Remember that proteins are like long strings of amino acid beads. Amino acid beads have different chemical properties that dictate how they interact with each other and their environment. As you can see in the example below, these properties are like rules that fold the protein string into a three-dimensional shape. For this discussion, the most pertinent types of amino acids are the hydrophilic, “water-loving” ones, which interact with water, and the hydrophobic, “water-fearing” ones, which avoid water.

We can think of proteins as strings of beads with rules about which beads attract or repel each other. These rules fold the protein string into a three-dimensional shape.

Egg proteins coagulate when heated.

As we discussed in the context of egg foams, in a raw egg, individual protein strings are folded into wads with water-loving amino acids on the outside and water-avoiding amino acids tucked inside. These proteins float freely in the watery egg white, and the white is clear because light easily passes through the space between the proteins.

When we heat the egg white to a certain temperature, the protein strings unravel and denature, exposing the amino acid beads inside. Remember, these are the water-fearing amino acids. Now that water has infiltrated their hiding place, they need to find another way to avoid it. As the protein drifts through the egg white, the exposed water-avoiding amino acids find other hydrophobic amino acids from neighboring protein strings. Perfect! They stick together and the proteins coagulate.

Now imagine this process happening with every protein. The result is a strong mesh of protein strings that extends throughout the entire egg white and solidifies it into a food we bite through. The protein network also blocks light, so the egg becomes opaque.

At this point, the protein mesh is holding the egg’s water. But if we continue to cook the egg white and heat the proteins, the proteins draw closer together and squeeze the water out. Overcooked egg whites have a rubbery texture because the proteins are densely packed, and they’re dry because there’s not much water left. In a frying pan, the excess water evaporates so we don’t see it, but in an overcooked, curdled custard, this squeezed-out water is the liquid that surrounds the curds.
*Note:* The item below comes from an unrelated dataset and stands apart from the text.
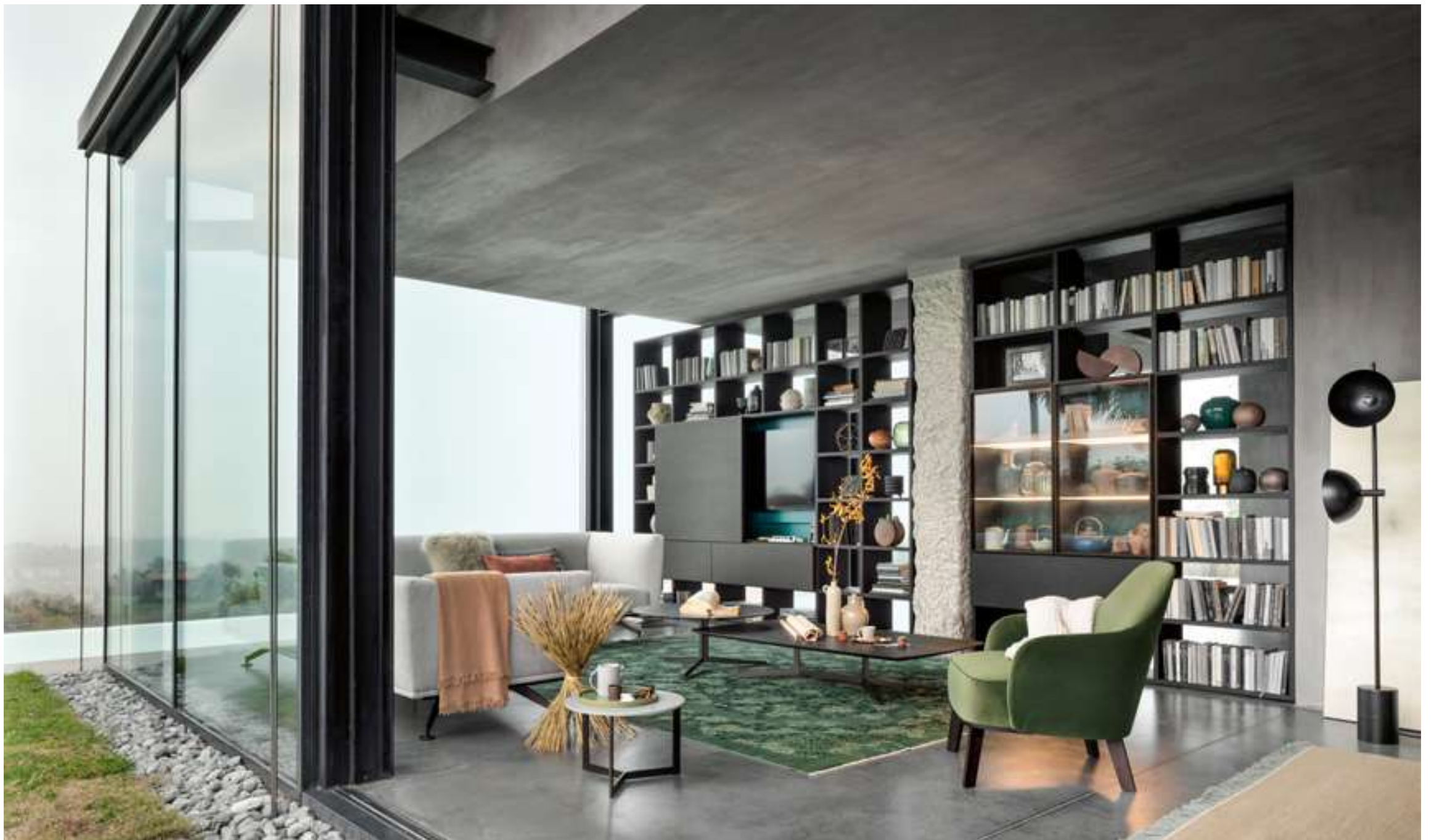
Modular System Selecta Divano, Sofa Neil Tavolino, Coffee Table Sign

The proteins in a raw egg are folded in their native state. As they cook, they denature, then coagulate. If the proteins are heated further, they will overcook.

Egg protein structure determines custard and cream texture.

When we cook custards and creams, the egg proteins undergo the exact same process. And just like a fried egg, the shape and density of the protein mesh determine the texture of our bake, whether that be delicate, thick, and smooth; or tough, cracked, and curdled. In fact, the difference between a custard and a cream comes down to the proteins. Custards, like cheesecake and flan, are solid. They’re baked in a container, and the proteins form a single unbroken network through the entire mass. Creams, on the other hand, are meant to be poured or piped. They’re usually stirred as they cook or cool, which breaks the egg protein mesh into smaller pieces. The fragments still thicken the cream, but they won’t hold it together into a solid.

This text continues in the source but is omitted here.